BEGIN Information supplied

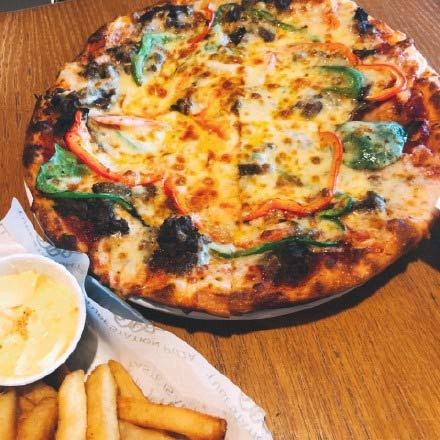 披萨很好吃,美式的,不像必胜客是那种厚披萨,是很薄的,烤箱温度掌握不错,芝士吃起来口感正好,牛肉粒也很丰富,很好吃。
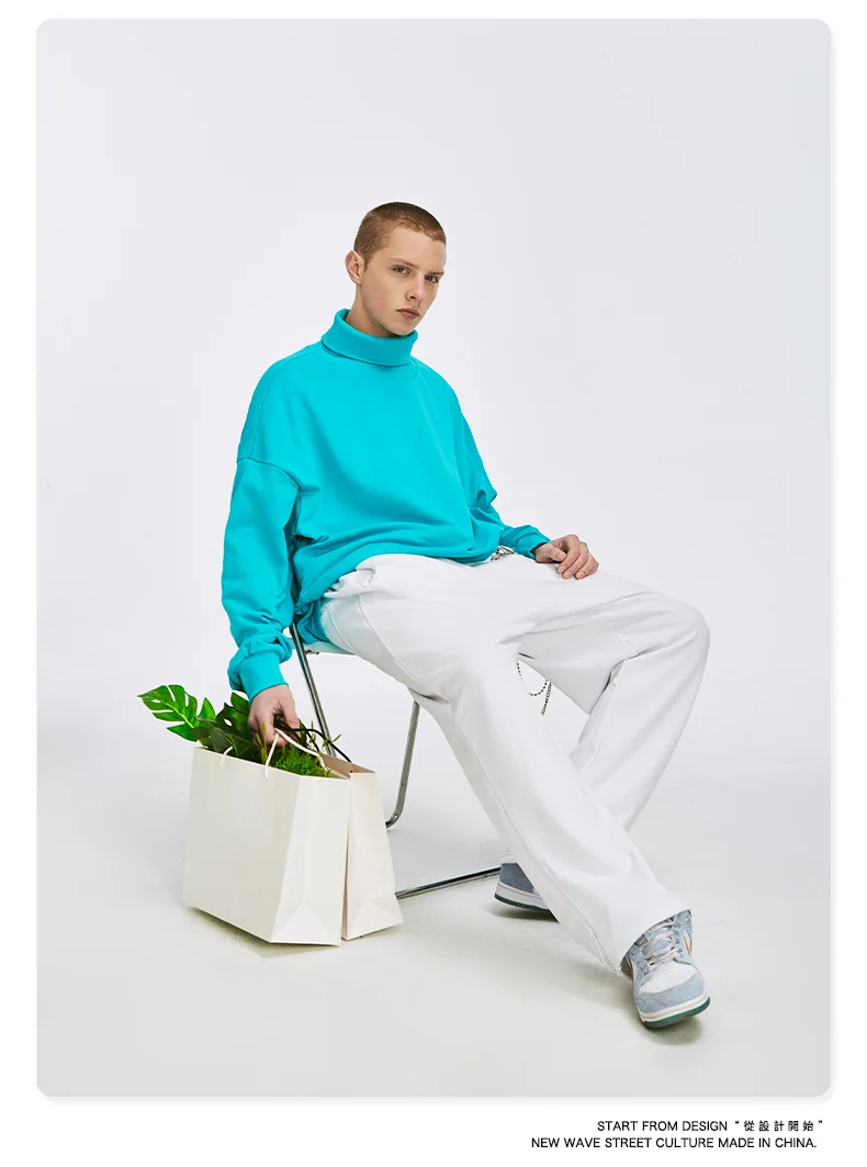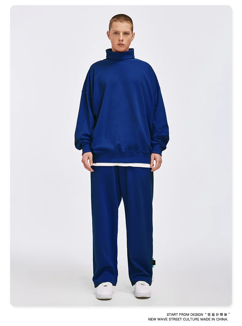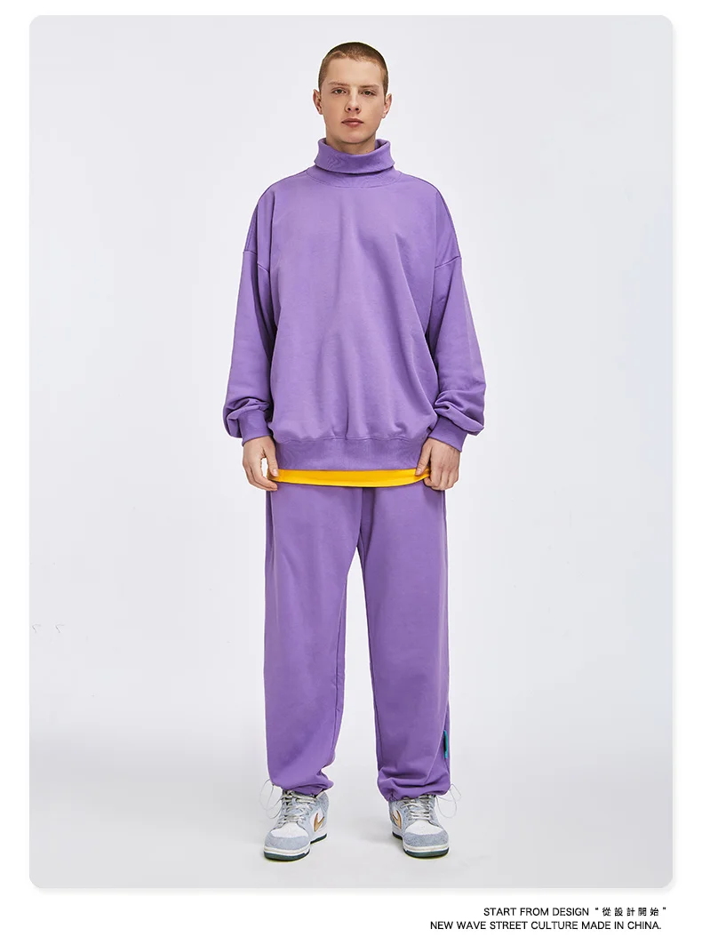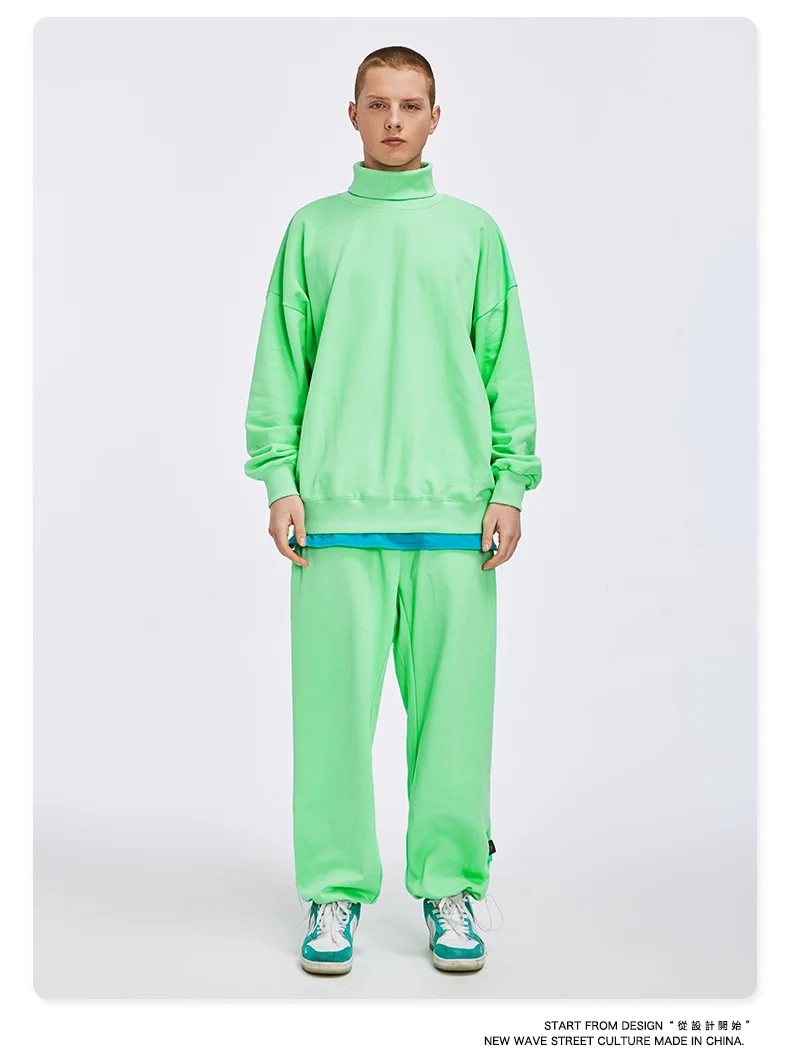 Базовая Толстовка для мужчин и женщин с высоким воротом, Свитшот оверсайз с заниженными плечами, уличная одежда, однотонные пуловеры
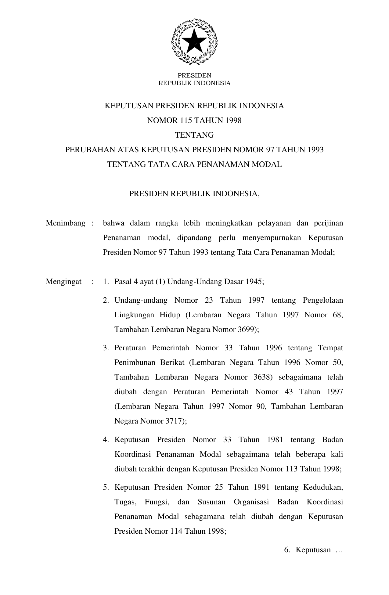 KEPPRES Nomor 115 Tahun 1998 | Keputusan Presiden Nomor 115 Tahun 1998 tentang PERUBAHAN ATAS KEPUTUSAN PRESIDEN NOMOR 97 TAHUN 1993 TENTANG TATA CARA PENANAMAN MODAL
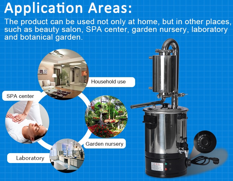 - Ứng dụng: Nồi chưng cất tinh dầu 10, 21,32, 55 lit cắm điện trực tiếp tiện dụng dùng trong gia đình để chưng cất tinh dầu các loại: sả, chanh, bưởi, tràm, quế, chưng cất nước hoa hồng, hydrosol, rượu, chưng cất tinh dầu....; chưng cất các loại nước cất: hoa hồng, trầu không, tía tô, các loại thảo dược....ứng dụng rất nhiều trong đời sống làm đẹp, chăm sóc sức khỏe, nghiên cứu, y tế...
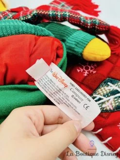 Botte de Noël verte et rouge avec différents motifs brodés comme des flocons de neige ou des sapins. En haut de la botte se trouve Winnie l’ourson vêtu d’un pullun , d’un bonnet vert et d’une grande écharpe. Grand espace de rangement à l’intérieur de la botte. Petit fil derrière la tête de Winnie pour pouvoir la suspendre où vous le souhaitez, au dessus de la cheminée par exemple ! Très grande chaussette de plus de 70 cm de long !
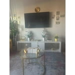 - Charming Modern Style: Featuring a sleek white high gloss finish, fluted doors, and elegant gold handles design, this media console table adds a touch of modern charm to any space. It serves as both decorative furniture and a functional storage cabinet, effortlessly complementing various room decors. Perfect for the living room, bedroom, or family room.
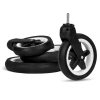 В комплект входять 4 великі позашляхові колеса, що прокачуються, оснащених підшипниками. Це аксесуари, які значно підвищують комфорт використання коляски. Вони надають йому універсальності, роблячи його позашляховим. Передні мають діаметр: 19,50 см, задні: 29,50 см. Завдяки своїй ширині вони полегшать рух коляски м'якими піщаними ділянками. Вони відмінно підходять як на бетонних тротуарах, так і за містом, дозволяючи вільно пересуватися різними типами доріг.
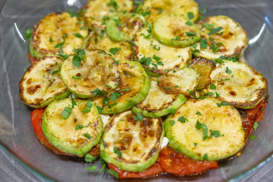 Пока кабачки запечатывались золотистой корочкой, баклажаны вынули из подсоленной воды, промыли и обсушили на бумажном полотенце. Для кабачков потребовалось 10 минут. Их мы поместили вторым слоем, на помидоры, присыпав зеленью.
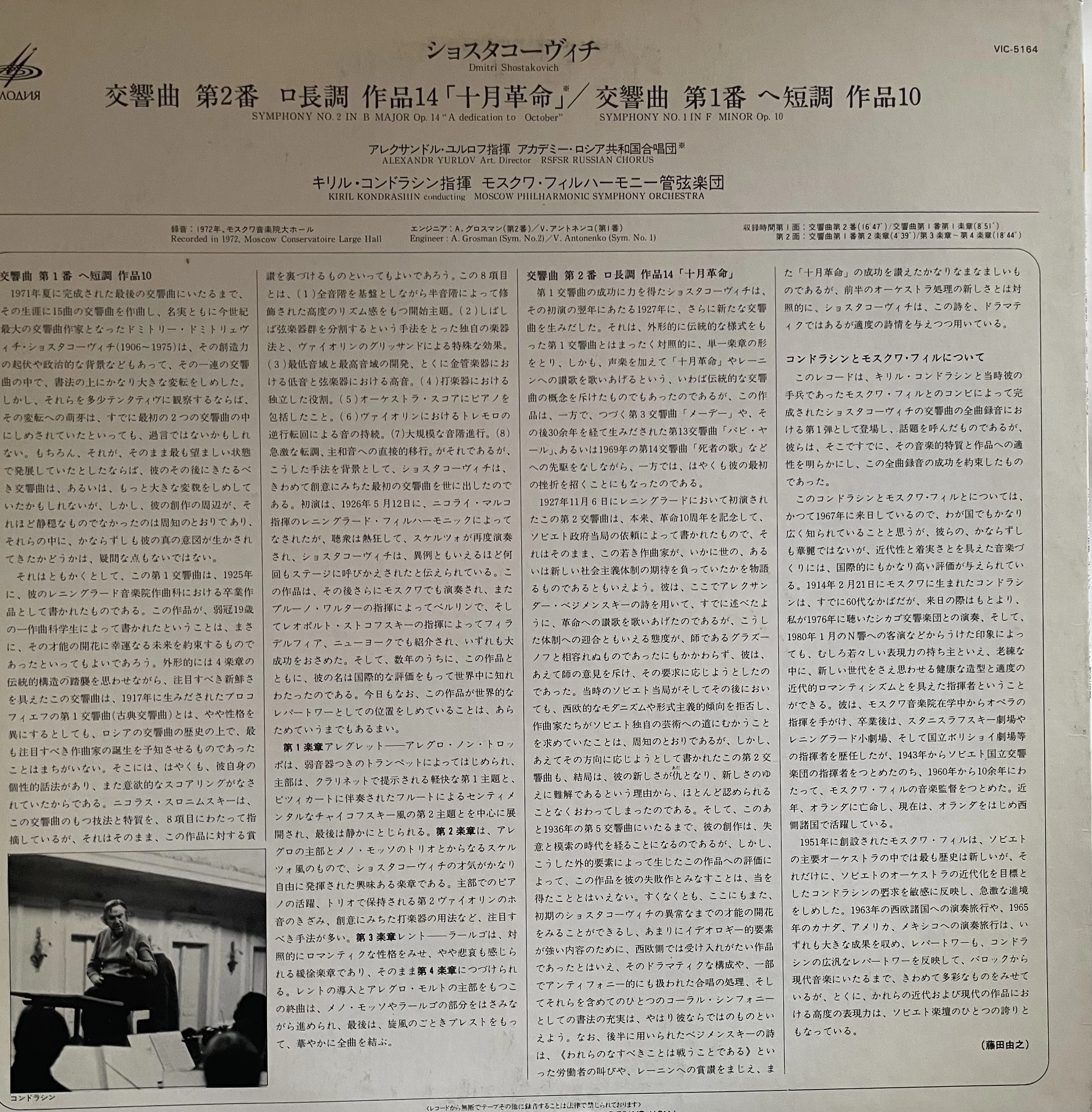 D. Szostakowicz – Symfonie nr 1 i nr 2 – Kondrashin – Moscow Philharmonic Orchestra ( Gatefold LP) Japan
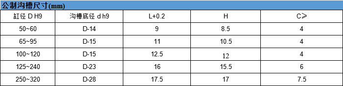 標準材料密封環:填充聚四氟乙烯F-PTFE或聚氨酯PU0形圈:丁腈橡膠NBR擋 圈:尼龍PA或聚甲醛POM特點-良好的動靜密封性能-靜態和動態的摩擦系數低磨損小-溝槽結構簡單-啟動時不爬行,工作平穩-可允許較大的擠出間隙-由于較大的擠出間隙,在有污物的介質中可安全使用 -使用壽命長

END Information supplied

- [Task brief]: What is needed is a verbatim copy of the entries, leaving out any pictures.

- [Result for this task]:
 披萨很好吃,美式的,不像必胜客是那种厚披萨,是很薄的,烤箱温度掌握不错,芝士吃起来口感正好,牛肉粒也很丰富,很好吃。
 Базовая Толстовка для мужчин и женщин с высоким воротом, Свитшот оверсайз с заниженными плечами, уличная одежда, однотонные пуловеры
 KEPPRES Nomor 115 Tahun 1998 | Keputusan Presiden Nomor 115 Tahun 1998 tentang PERUBAHAN ATAS KEPUTUSAN PRESIDEN NOMOR 97 TAHUN 1993 TENTANG TATA CARA PENANAMAN MODAL
 - Ứng dụng: Nồi chưng cất tinh dầu 10, 21,32, 55 lit cắm điện trực tiếp tiện dụng dùng trong gia đình để chưng cất tinh dầu các loại: sả, chanh, bưởi, tràm, quế, chưng cất nước hoa hồng, hydrosol, rượu, chưng cất tinh dầu....; chưng cất các loại nước cất: hoa hồng, trầu không, tía tô, các loại thảo dược....ứng dụng rất nhiều trong đời sống làm đẹp, chăm sóc sức khỏe, nghiên cứu, y tế...
 Botte de Noël verte et rouge avec différents motifs brodés comme des flocons de neige ou des sapins. En haut de la botte se trouve Winnie l’ourson vêtu d’un pullun , d’un bonnet vert et d’une grande écharpe. Grand espace de rangement à l’intérieur de la botte. Petit fil derrière la tête de Winnie pour pouvoir la suspendre où vous le souhaitez, au dessus de la cheminée par exemple ! Très grande chaussette de plus de 70 cm de long !
 - Charming Modern Style: Featuring a sleek white high gloss finish, fluted doors, and elegant gold handles design, this media console table adds a touch of modern charm to any space. It serves as both decorative furniture and a functional storage cabinet, effortlessly complementing various room decors. Perfect for the living room, bedroom, or family room.
 В комплект входять 4 великі позашляхові колеса, що прокачуються, оснащених підшипниками. Це аксесуари, які значно підвищують комфорт використання коляски. Вони надають йому універсальності, роблячи його позашляховим. Передні мають діаметр: 19,50 см, задні: 29,50 см. Завдяки своїй ширині вони полегшать рух коляски м'якими піщаними ділянками. Вони відмінно підходять як на бетонних тротуарах, так і за містом, дозволяючи вільно пересуватися різними типами доріг.
 Пока кабачки запечатывались золотистой корочкой, баклажаны вынули из подсоленной воды, промыли и обсушили на бумажном полотенце. Для кабачков потребовалось 10 минут. Их мы поместили вторым слоем, на помидоры, присыпав зеленью.
 D. Szostakowicz – Symfonie nr 1 i nr 2 – Kondrashin – Moscow Philharmonic Orchestra ( Gatefold LP) Japan
 標準材料密封環:填充聚四氟乙烯F-PTFE或聚氨酯PU0形圈:丁腈橡膠NBR擋 圈:尼龍PA或聚甲醛POM特點-良好的動靜密封性能-靜態和動態的摩擦系數低磨損小-溝槽結構簡單-啟動時不爬行,工作平穩-可允許較大的擠出間隙-由于較大的擠出間隙,在有污物的介質中可安全使用 -使用壽命長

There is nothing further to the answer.